In her final debate, Ernst said she would have voted against the farm bill, opposed "amnesty" in immigration reform and supported private accounts for young Americans paying into Social Security. She not only opposes raising the minimum wage but suggested the federal government shouldn't even set one.

On social issues, Ernst said she would vote for a federal constitutional amendment banning gay marriage. She previously endorsed a fetal personhood amendment to the Iowa state constitution that would ban abortions as well as some forms of birth control.

Ernst's statements were so conservative, she won the support of Tea Party groups like the Senate Conservatives Fund, which fought McConnell in Kentucky, as well as an endorsement from the ultimate Tea Party darling, Sarah Palin.

That may be described as an establishment win, but it sure looks like a Tea Party win. As Viguerie explains, "The real enemy is not [Democrats] Nancy Pelosi, Harry Reid, Barack Obama. The real enemy is the big-government Republicans."

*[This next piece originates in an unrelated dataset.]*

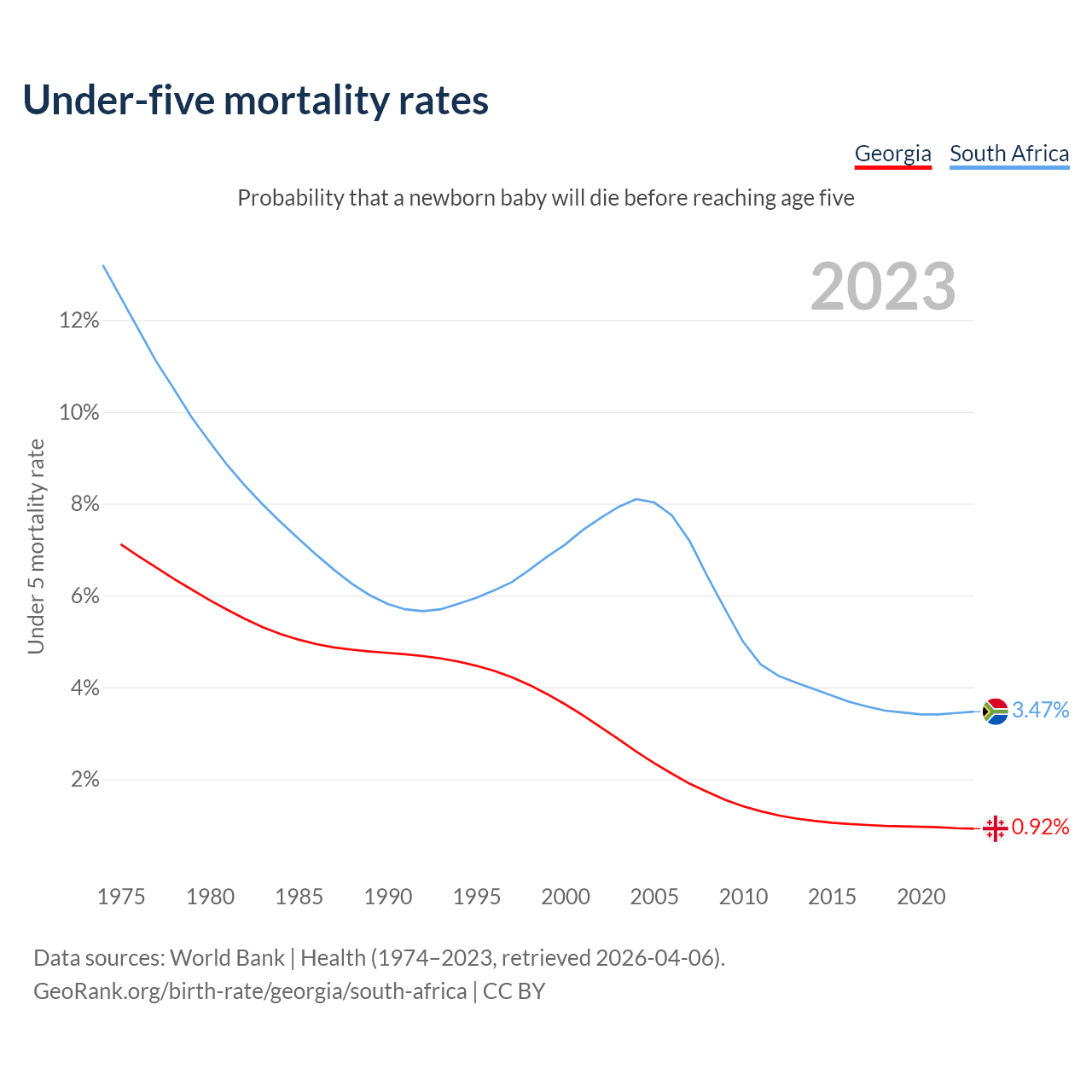 The chance that a newborn baby will die before reaching age five is 0.92% in Georgia and 3.47% in South Africa. Above is a chart with historical data on under-five mortality rates.

Beyond Congress, there are signs that the reason the civil war is subsiding at the state level is because Republican politics have moved significantly rightward. Establishment incumbents have had to swallow Tea Party ideas in order to survive.

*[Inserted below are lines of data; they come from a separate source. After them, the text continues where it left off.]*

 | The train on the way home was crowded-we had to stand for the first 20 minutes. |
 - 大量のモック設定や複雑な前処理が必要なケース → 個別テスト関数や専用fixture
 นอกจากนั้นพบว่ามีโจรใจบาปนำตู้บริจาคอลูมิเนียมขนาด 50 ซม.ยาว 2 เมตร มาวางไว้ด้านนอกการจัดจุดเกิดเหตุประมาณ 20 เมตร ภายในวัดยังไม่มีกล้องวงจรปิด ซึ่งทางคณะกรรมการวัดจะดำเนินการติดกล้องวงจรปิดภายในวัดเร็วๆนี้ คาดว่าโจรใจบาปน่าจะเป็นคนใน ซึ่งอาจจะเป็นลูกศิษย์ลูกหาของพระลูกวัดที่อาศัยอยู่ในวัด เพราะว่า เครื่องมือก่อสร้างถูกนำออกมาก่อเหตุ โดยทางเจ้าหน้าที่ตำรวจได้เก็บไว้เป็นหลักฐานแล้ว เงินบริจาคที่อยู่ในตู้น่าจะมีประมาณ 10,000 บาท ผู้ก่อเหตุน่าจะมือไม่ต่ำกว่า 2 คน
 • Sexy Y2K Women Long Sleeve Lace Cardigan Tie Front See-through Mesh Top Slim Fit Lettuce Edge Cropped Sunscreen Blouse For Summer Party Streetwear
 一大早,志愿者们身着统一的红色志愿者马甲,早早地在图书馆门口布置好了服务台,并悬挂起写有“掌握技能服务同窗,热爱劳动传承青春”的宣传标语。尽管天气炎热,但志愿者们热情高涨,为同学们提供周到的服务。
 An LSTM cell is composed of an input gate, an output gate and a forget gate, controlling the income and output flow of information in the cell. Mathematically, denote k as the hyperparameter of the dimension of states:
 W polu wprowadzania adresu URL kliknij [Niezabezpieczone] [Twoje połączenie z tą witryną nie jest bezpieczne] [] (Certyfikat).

"Just over the last couple of cycles, you do see things sliding to the right," says Matt Walter, president of the Republican State Leadership Committee, which works to elect state-level Republicans. "That opens up more room for agreement on the Republican side."

After 2012, as the Tea Party embarked on a mission to take over the GOP, the establishment set out to regain control of the party. It found it deeply galling to have lost winnable Senate races after the nomination of unelectable Tea Party candidates like Todd Akin in Missouri (remember his "legitimate rape" line?) and Richard Mourdock in Indiana (more offensive rape comments). And the establishment was aware that Romney had lost the important Latino vote by a fatal 44-point margin after adopting the Tea Party's mantra on immigrant "self-deportation."

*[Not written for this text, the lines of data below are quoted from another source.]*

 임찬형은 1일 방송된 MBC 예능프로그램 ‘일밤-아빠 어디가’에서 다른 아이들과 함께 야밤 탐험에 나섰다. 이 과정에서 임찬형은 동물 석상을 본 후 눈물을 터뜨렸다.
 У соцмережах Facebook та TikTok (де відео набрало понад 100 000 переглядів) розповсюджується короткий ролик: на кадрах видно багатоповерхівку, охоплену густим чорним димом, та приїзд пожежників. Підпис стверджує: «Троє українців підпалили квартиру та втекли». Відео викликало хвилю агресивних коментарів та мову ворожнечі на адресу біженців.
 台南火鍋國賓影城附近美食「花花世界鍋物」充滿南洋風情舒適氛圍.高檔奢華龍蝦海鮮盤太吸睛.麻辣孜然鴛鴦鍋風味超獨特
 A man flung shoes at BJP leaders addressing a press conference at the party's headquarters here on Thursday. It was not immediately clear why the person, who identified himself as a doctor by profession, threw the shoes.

At first, the establishment made winning primaries and passing immigration reform a top priority. Karl Rove, George W. Bush's chief political strategist, who steers hundreds of millions of dollars through his American Crossroads super PAC and affiliated nonprofit, became involved in primaries. Mainstream Republican groups like the U.S. Chamber of Commerce followed suit.

Meanwhile, the Tea Party continued to cause Republicans grief, derailing a farm bill favored by members of both parties in 2013, then orchestrating an unpopular government shutdown last October. In response, establishment figures have pushed back against Tea Party groups.

"[The shutdown] alerted others within the Republican Party, including conservatives, that this is just not the way to go in terms of tactics and style," Wehner says. "The Tea Party organizations have been badly hurt."

But there is no real backlash from the establishment in terms of policy—as the GOP's failure to make progress on immigration reform shows.

Though Tea Party groups have felt the establishment pushing back, they still have some successes to celebrate. "People are very engaged, and they're enthusiastic," Tea Party Patriots President Jenny Beth Martin told Newsweek while campaigning in Mississippi recently. "The Tea Party movement at this point understands that this is a long-term goal and it's going to take us many years to get to the goal."

In 2012, Martin's group launched a super PAC to elect more Tea Party candidates. So far this election cycle, it has spent more than $8 million, most of it campaigning against establishment Republicans.

While the GOP establishment likes to talk about a rapprochement, it takes both sides to declare a truce. And the Tea Party is still waging an all-out war.

The great divide in the GOP has a long history, and there appears to be no end in sight. In his book Takeover: The 100-Year War for the Soul of the GOP and How Conservatives Can Finally Win It, Viguerie pegs the start of his party's civil war to the 1912 election that pitted former Republican president Teddy Roosevelt (who left the Republicans to form his own Bull Moose Party) against his Republican successor, Howard Taft.

"It's literally a 102-year-old war," he says. "We'll see how it plays out in 2014 and 2016."